2.      Membasmi infitrasi pikiran dan system didup yang bertentangan dengan ajaran Islam.
3.      Memperjuangkan kemerdekaan para Da’I dari tekanan-tekanan apapun dan halanagn pelaksanaan misi dan fungsi masjid.
4.      Menjaga kehormatan masjid dari setiap tindakan yang merugikan demi kesucian dan mengembalikan masjid kepada fungsi aslinya.
5.      Membela hak dasar Islam dan mengatasi tindakan serta ketentuan yang mempersempit kemerdekaannya.[14]


BAB III
ASPEK-ASPEK PEMBAHARUAN DALAM PEMIKIRAN ISLAM

A. Pembaharuan di Bidang Keagamaan (Theologi)
            Pada ranah ini, garakan pemikiran yang dilakukan adalah dengan merekonstruksi pemahaman umat Islam tentang ajaran Islam setelah mereka lama terkungkung oleh masa kejumudan dan taklid buta.
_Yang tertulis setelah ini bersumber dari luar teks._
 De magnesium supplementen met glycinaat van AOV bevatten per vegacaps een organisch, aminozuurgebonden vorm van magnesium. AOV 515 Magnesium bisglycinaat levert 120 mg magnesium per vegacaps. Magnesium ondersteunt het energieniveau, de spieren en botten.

            Pada masa itu terdapat 2 sikap yang berseberangan dengan keberadaan pengaruh Barat pada dunia Islam. Sikap yang pertama adalah muncul dari golongan yang meruju’ ke pandangan ala wahabi, yaitu gerakan mensucikan Islam dari segala Khurafat dan Bid’ah yang dibarengi dengan berlebih-lebihan. Memaksakan kehendak dengan jalan kekerasan, yang pada akhirnya gerakan ini hanya menghasilkan sekelompok ulama yang bertaklid buta dan anti perubahan (fundamentalis/Islam kiri).
            Sikap kedua muncul dari kelompok yang cenderung mengikuti aliran materialisme Barat. Tak segan menegsikan peran wahyu dan intuisi sebagai sumber kebenaran selainnya. Penuhanan terhadap akal sangat kentara dalam pemberian interpretasi pada ayat-ayat tentang mukjizat kenabian sebelum Muhammad Saw. yang suprarasional, di luar kebiasaan (khariqul ‘adah ). Hal-hal yang terlihat berada diluar kebiasaan, dalam al-Quran, ditafsirkan dengan sesuatu yang harus rasional. Pemerkosaan terhadap “tafsir” akhirnya menghasilkan budaya materialisme.[15]
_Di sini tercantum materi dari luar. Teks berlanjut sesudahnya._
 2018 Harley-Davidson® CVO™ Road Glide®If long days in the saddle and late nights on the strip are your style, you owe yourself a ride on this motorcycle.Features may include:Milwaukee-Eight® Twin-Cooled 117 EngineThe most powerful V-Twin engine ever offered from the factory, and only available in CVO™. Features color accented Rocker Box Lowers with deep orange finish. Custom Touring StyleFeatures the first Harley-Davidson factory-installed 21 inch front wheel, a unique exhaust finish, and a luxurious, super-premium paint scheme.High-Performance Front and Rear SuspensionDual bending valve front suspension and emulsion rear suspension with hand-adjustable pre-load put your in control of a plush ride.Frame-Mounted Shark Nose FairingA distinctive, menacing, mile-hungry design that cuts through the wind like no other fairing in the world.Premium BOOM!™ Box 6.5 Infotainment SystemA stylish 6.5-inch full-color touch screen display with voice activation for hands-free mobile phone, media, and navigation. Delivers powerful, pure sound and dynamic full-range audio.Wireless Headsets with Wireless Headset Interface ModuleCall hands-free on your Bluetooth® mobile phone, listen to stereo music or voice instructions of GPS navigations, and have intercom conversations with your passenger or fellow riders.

            Oleh para pembaharu, kondisi yang kontradiktif ini kemudian dijadikan acuan untuk mengembalikan fitrah manusia sebagai khalifah. Dengan sebuah rekonstruksi syari’ah yang lebih berdimensi humanis dan dinamis. Untuk menggapai tujuan tersebut diperlukan 2 syarat mutlak, yaitu ; pertama dengan memberi kebebasan pada akal untuk mengembangkan potensinya serta membuang jauh-jauh sikap taklid buta. Kedua, manakala akal sudah sampai pada keterbatasannya, maka dengan rasa tawadlu segalanya harus dikembalikan kepada Allah. Karena ada segudang hikmah yang terkandung dalam ayat-ayat Allah, yang terkadang tak tertangkap oleh akal manusia.
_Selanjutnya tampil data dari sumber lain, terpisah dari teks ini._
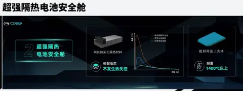 第二点则是拥有超强隔热电池仓。弹匣电池采用超强隔热电池安全仓,这个电池安全仓就相当于一个弹匣,把电芯与电芯之间隔开,其使用的网格纳米孔隔热材料,可以使相邻电芯不发生热失控,另外电池包所采用的耐高温壳体可承受1400℃的高温。

            Aspek ini kemudian dikembangkan oleh para pembaharu pemikiran Islam menjadi sebuah gerakan Theologis (keagamaan) di berbagai belahan dunia Islam, bersamaan dengan gerakan kebangsaan untuk kemerdekaan negara-negara Islam yang pada saat itu masih berada di dalam genggaman bangsa Eropa.[16] Sehingga pada saat itu gerakan pembebasan negara-negara Islam yang didengungkan menjadi sebuah trend yang akhirnya memaksa Barat yang menguasai negara-negara Islam untuk keluar meninggalkan jajahannya.

B. Pembaharuan di Bidang Poitik
            Gerakan anti kolonialisme pertama kali didengungkan oleh Jamaluddin Al Afghani dengan membentuk suatu ikatan plitik untuk mempersatukan seluruh umat Islam (Jam’iyyah Islamiyah atau pan Islamisme). Gerakan yang diusung oleh al Afghani ini pada awalnya adalah gerakan theologies yang bertujuan untuk menyatukan gerakan keagamaan umat Islam yang pada saat itu terbagi ke dalam 2 kelompok besar, Fundamentalis dan Sekuler. Ikatan yang didasarkan kepada solidaritas akidah Islam bertujuan untuk membina kesetiakawanan dan persatuan umat Islam dalam perjuangan, menentang tiap pemerintahan yang dispotik atau sewenang-wenang dan menggantikannya dengan sistem pemerintahan yang berdasarkan musyawarah serta menentang kolonialisme dan dominasi Barat.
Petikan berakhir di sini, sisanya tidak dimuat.